Atualmente o termo retrô é definidor de uma linha de produção de época mais do que um expletivo de alerta. Além disso, a indústria cultural está com seus estoques cheios e precisa reciclar os conceitos (os nossos conceitos) para vender o encalhe. E o que era desprezível em outras décadas passa a não ser tão ruim como acreditávamos na época. Revisão cultural? Enriquecimento de referência? Manipulação midiática? Pois bem. Aqui vai uma ligeira seleção de cinema retrô.
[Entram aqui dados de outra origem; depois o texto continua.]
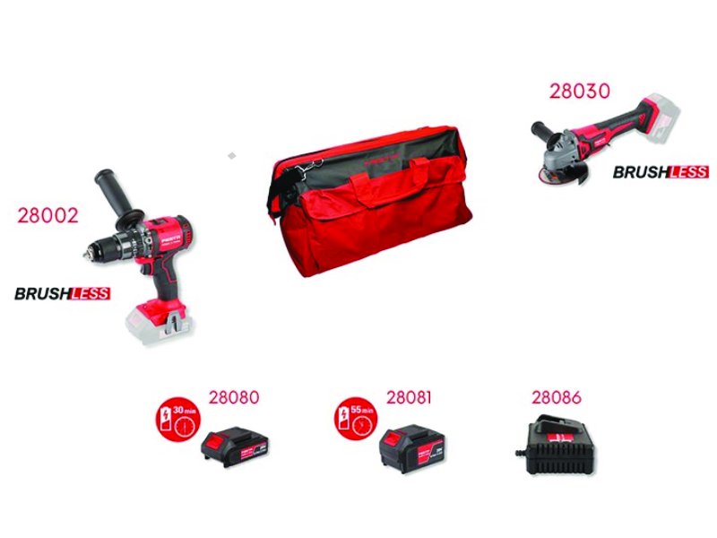 - set AKU FESTA Power tools strojů s výkonnými motory BRUSHLESS s praktickou taškou zdarma - sestava dvou nejběžněji využívaných AKU strojů, stroje jsou součástí systému FESTA SHARE20V s možností využívat Li-ion batarie 2.0 Ah a 4.0 Ah vevšech strojích - součástí sady je i rychlonabíječka a baterie 4.0 a 2.4 Ah - pro běžnou práci je baterie s kapacitou 2.0 Ah (28080) dostačující - nabíjecí čas 40 min., pro práci s předpokladem větší zátěže, doporučujeme použít baterii s kapacitou 4.0 Ah (28081) - nabíjecí čas 90 min Li-ion technologie použitá v bateriích FESTA Power x tools nabízí možnost dobíjet baterie kdykoliv - bez snižování jejich kapacity, u Li-ion baterií také dochází k jen velmi pomalému samovybíjení - stroje v sadě 28002, 28030
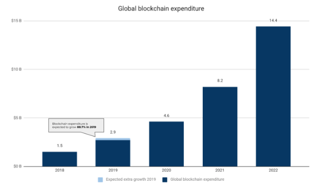 IDC预测,全球区块链开发支出预计将增长88%,从2018年的15亿美元增长到今年年底的29亿美元。预计到2022年,总支出每年将进一步增长76%,达到144亿美元。
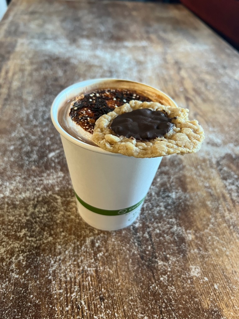First I have to say that I absolutely love that it is a homemade marshmallow and a homemade cookie, it really elevates the drink to the next level for sure. This drink has an amazing chocolate flavour and once you enjoy the cookie, as you sip the drink you get a little bit of marshmallow in every sip because of how it slowly melts into the drink. This is a very good drink, I do wish that it was hotter temperature wise because it didn’t stay hot very long. Also I wish that they would have added some graham cracker flavour to something to really bring in the S’more flavour that much more.
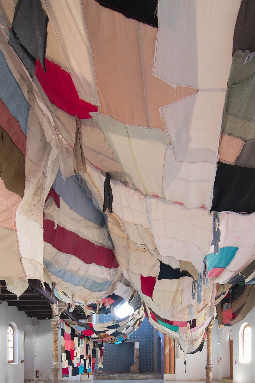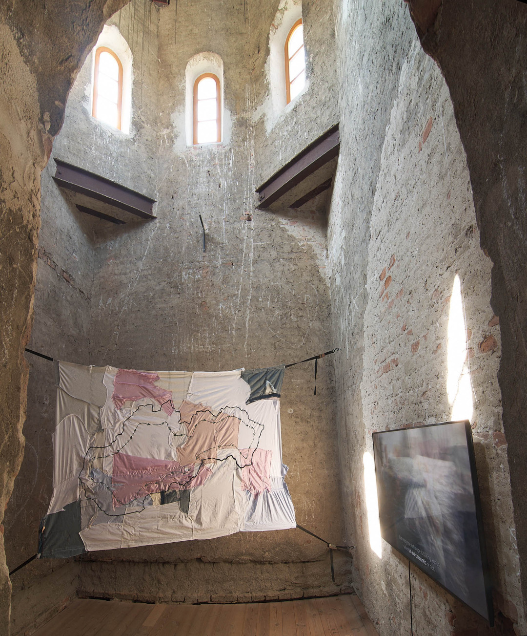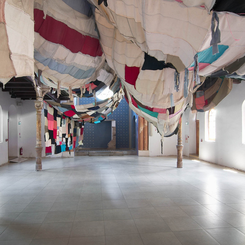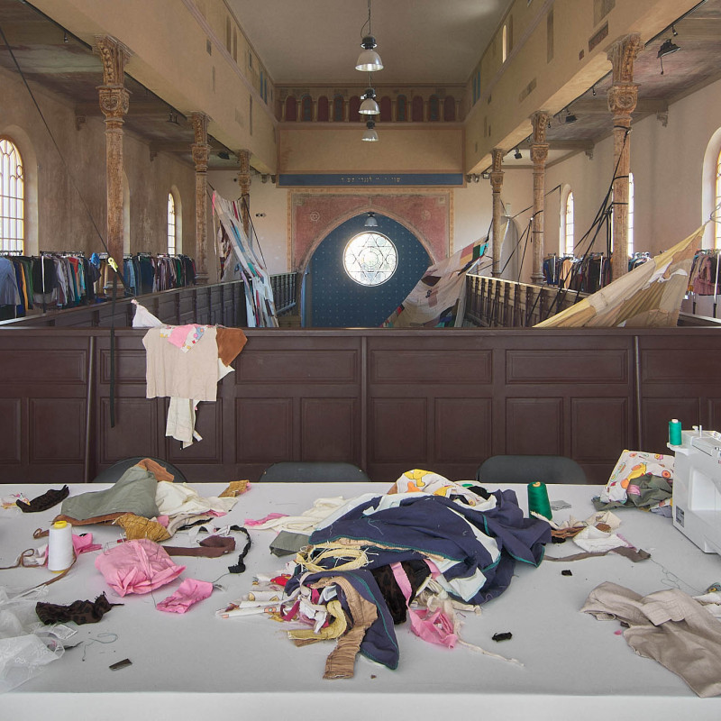 The Trnava version of the installation is adapted to the Slovak context. The artistic team researched local recycling processes and collaborated with community initiatives such as Baterkáreň and students from the School of Design – Bohumil Bača Private Secondary School of Applied Arts. The result is a new textile object made from clothing collected through an open call and sewn collectively during a workshop. The exhibition also includes video documentation from Nigeria and Slovakia, showing how textile waste travels the world—and what impact it leaves behind. re-(t)exHile is not only an art project but a call to change. We reflect, create, sew, recycle—and ask: What is still material, and what is already waste? Can textiles have a second life—and can we develop a new relationship with the world through them?
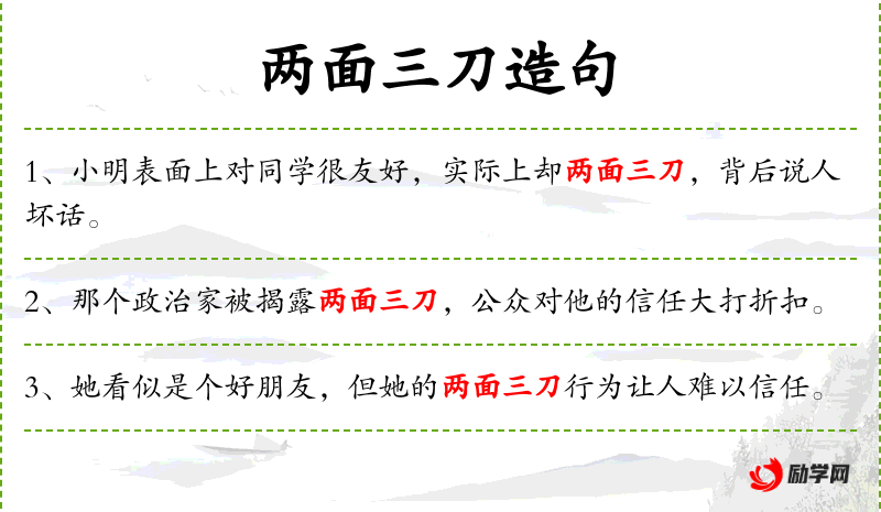 “两面三刀”是一个成语,源自古代兵器,比喻人的行为阴险狡诈。这个成语在文化中常用来形容那些表面和善,实则心怀叵测的人。
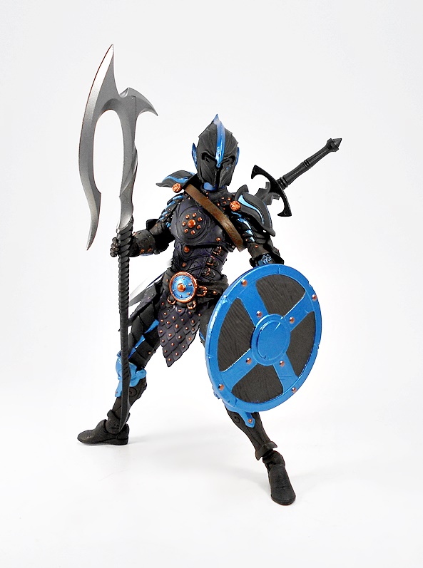 As the name suggests, the base coloring here is a bit subdued, but there’s plenty of flourishes to brighten things up. Much of the armor on the arms and legs is a deep brown with the cuirass and waist armor featuring a purple wash. t works well to make the armor look more like leather than plate and also contrasts nicely with the electric blue metallic paint used for the bracers and knee armor, which are clearly supposed to be plate. Similar blue is used for some of the accents on the upper legs, upper arms, exposed chain-mail, and pauldrons. Copper paint is meticulously applied to all the tiny sculpted rivets, as well as the buckles on each of the individual straps on the armor. The blue and copper mingle beautifully for the disc-shaped belt buckle, and all in all, this is another fine example of some rather unorthodox color choices turning out a striking figure.

Eu vi, foi ele! - Quem é o culpado pela inclusão de apelações populares nas trilhas de cinema? Henry Mancini? É possível. Em um momento em que o cinema se orientava para a inclusão de referência popular nas trilhas, vivia-se a explosão da cultura jovem, no final dos anos 50 e início dos 60. O sucesso de Moon River do filme Breakfast at Tyffany (Bonequinha de Luxo, 1961) fez de Henry Mancini um nome confiável para trilhas repletas de temas cativantes. Suas composições, que empregavam um pouco do jazz, habitual a músicos de sua geração, somadas aos imperativos de sua época, como a eletrificação do rock, a música pop e o rythm´n´blues, acabaram por criar um gênero musical alternativo que só foi produzido no cinema. Veja por exemplo o tema principal de The Party (Um Convidado Bem Trapalhão, 1968), de Mancini, que faz clara referência ao apelo corporal, dançante que tanto significou ao período. E se juntarmos esses ingredientes à tradição musical da Broadway teremos a trilha para o dramalhão Valley of the Dolls (O Vale das Bonecas, 1967) de Andre Previn, inquestionável clássico retrô em muitos sentidos.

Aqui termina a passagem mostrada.